Diafragma en sluiter werken met elkaar samen. Hoe groter de opening van je diafgragma (laag nummer) hoe sneller de sluiter dicht kan. Als je je diafragma dichtdraait (hoog nummer) moet de sluiter langer open staan om dezelfde hoeveelheid licht op de film te laten vallen. Dus als er veel licht is, zul je moeten kiezen voor een hoog diafragma nummer en een snelle sluitertijd. Bij weinig licht zul je moeten kiezen voor een langere sluitertijd.
Als je een beetje wilt zien wat het effect is, zet je de camera op auto en druk je de ontspanknop half in. Je ziet welke sluitertijd gekozen wordt. Draai nu eens aan de diafragmaring en kijk wat het effect is op de sluitertijd.

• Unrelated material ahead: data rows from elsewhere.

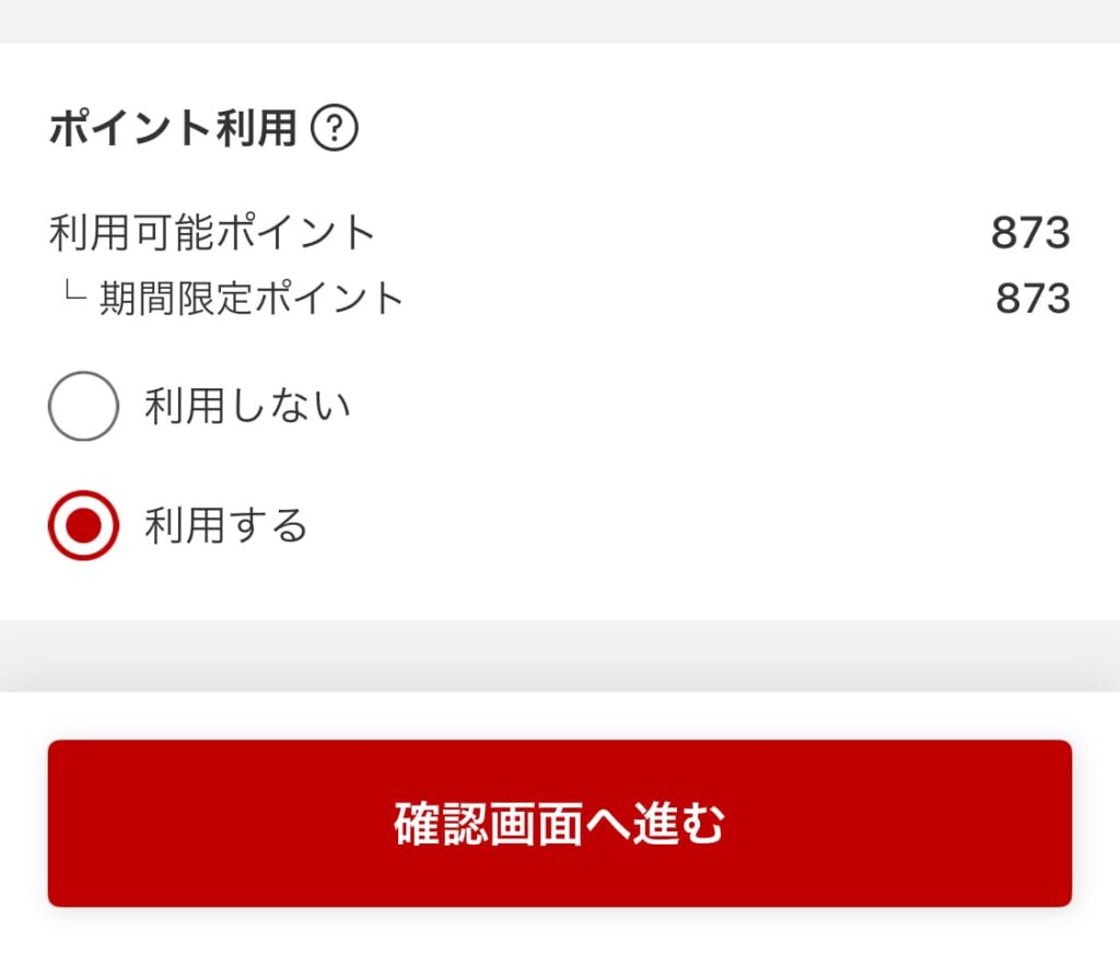支払いの途中でポイント利用の画面(下の画像参考)がでてくるので、そこで利用するを選ぶとポイントが利用されます。
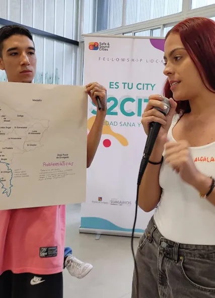 In response, FMS advances the S²Cities systems approach in Envigado by strengthening institutional collaboration and embedding youth participation within the city’s governance structures through Unir para Construir (“Unite to Build”)—a capacity-strengthening programme bringing together decision makers across sectors to reflect, listen and co-create systemic solutions to youth safety challenges. In parallel, a targeted capacity-building training supports young people in strengthening their leadership skills through learning and collaboration, preparing them to ideate innovative urban solutions. This multi-level strategy transforms youth engagement from isolated actions into a sustained, citywide movement, ensuring that young people remain central to decision-making.
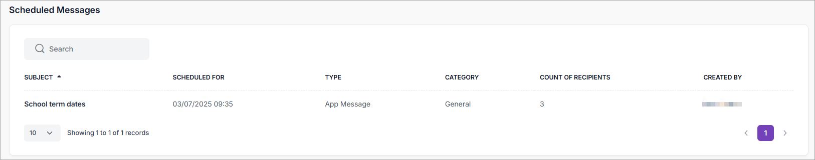 This article explains how you can view a list of the app messages, emails and text messages (SMS) scheduled to send to your contacts (including parents, pupils and staff) in the Scheduled window. You can see the message's title, when it's scheduled to be sent, the type of message, it's category,the number of recipients and who created the message.
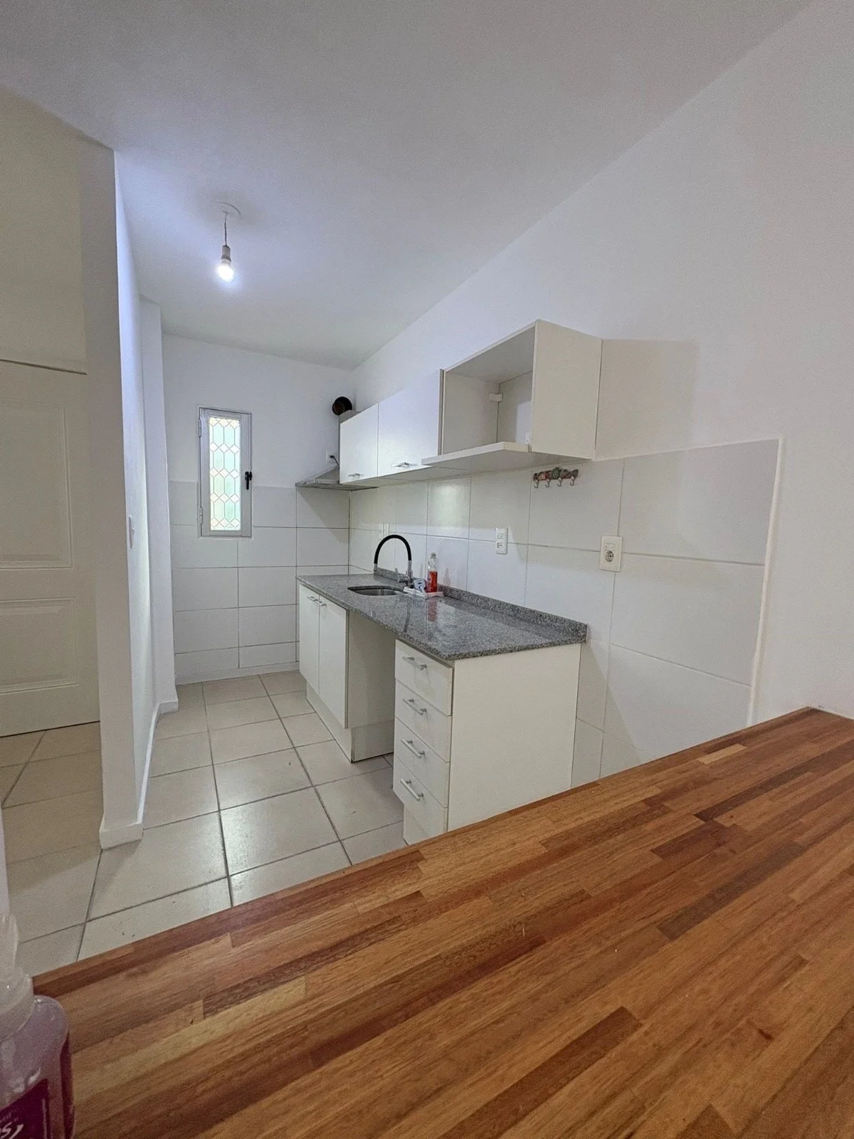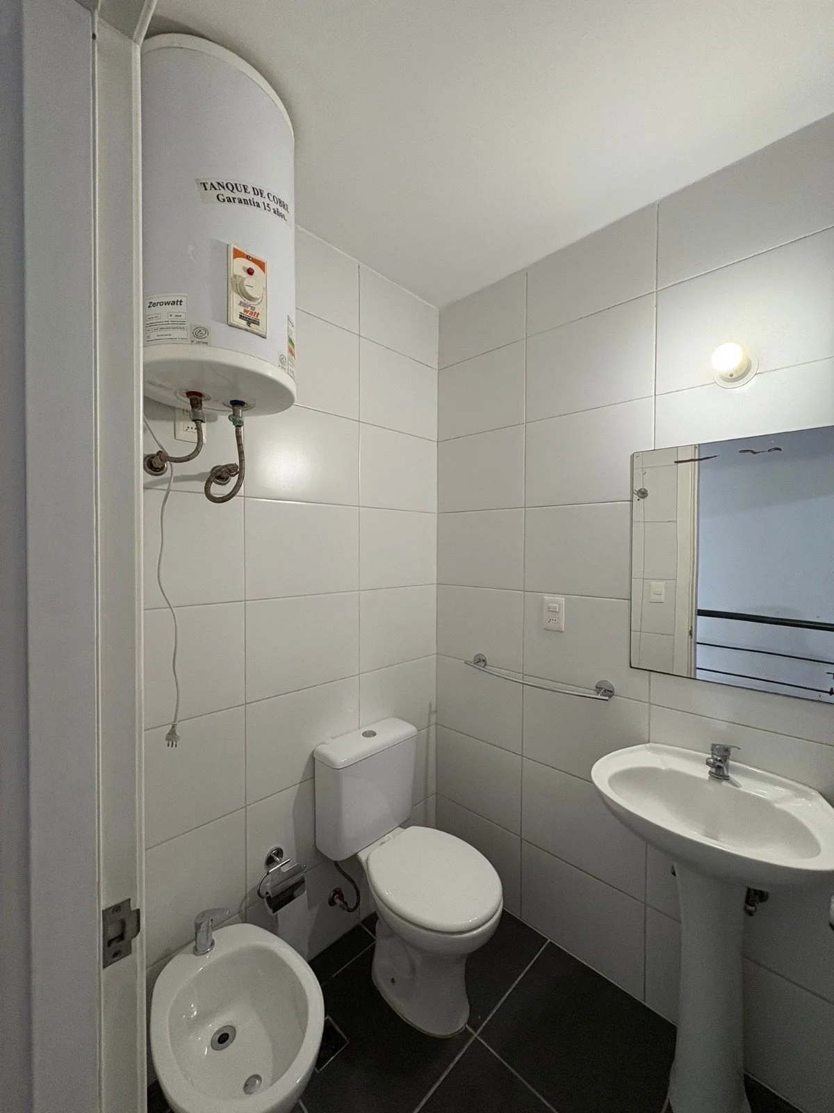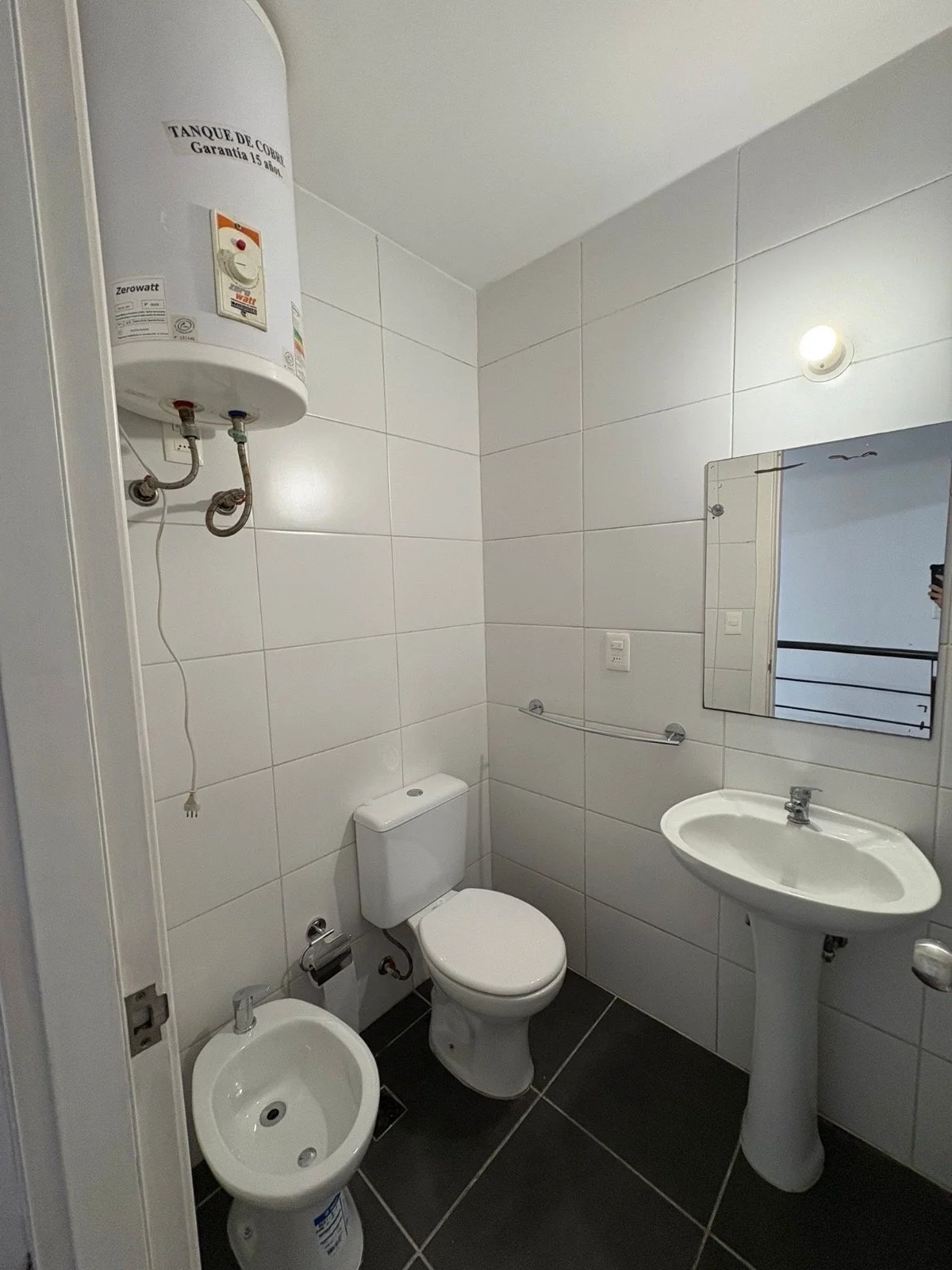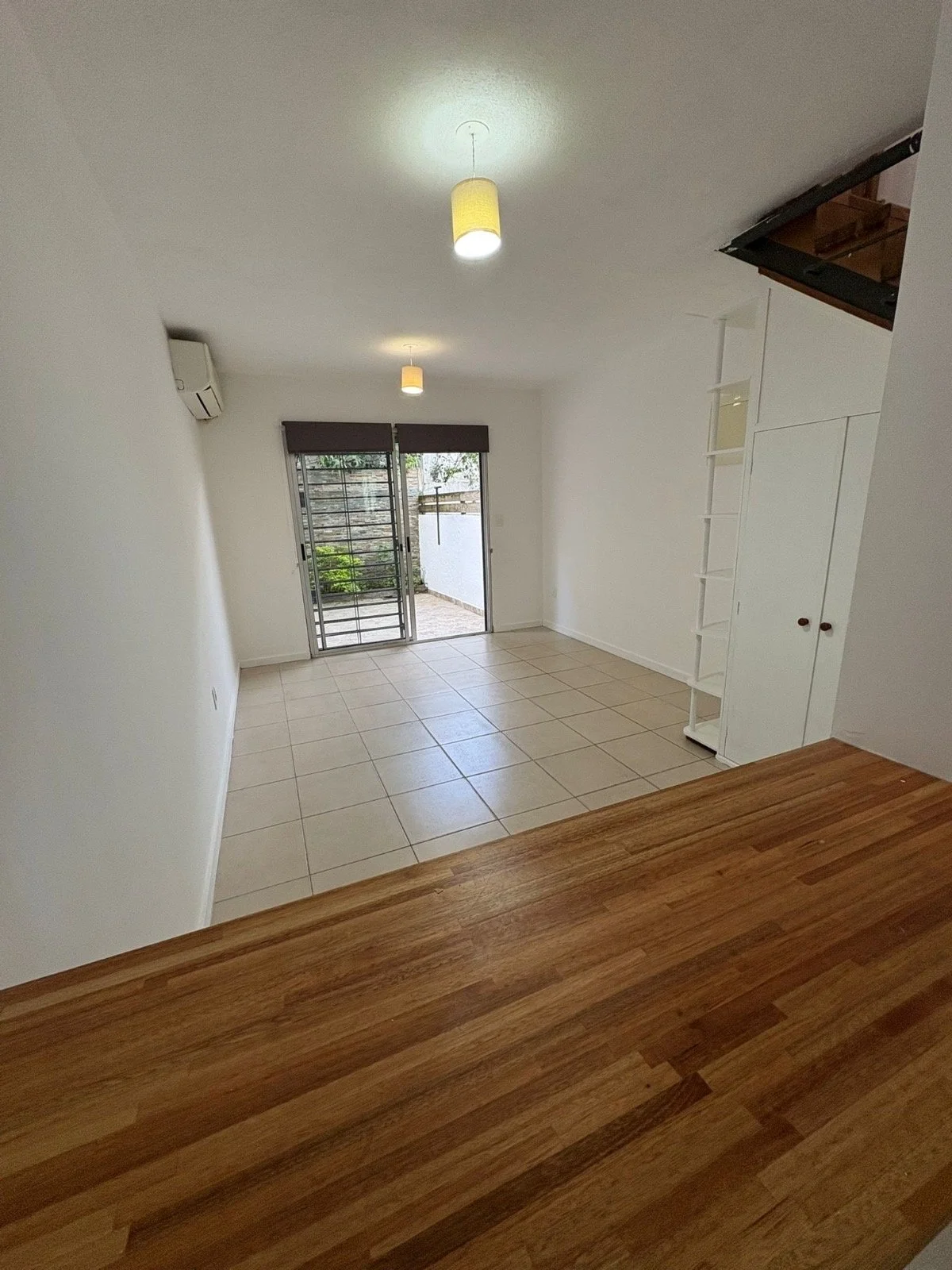 El interior ofrece un living con cocina integrada, dos dormitorios bien iluminados y un baño completo. Dispone de aire acondicionado en todos los ambientes, campana extractora en la cocina, calefón instalado y antena de Direct TV.

De grootte van je diafragma bepaalt hoe groot je scherptediept is. Dit is het gebied op de foto wat scherp wordt afgedrukt. Hoe groter het diafragma nummer, hoe groter de scherptediepte. Ook dit kun je met je cmera zien. Kies het laagtste nummer op je diafragmaring. Stel scherp op een object, bij voorkeur iets waar nog veel ruimte achter is, bijvoorbeeld een beker op tafel. Naast de lens boven dat hendeltje met 10 erbij (zelfontspanner) zit een knopje. Kijk door de zoeker en druk er eens op. De beker is scherp, maar alles erachter is vaag. Kies nu een hoog nummer. Kijk weer naar debeker en druk op de knop. De beker is scherp maar het gehel stuk erachter ook. Dat is scherptediepte en die kun je beinvloeden met het diafragma.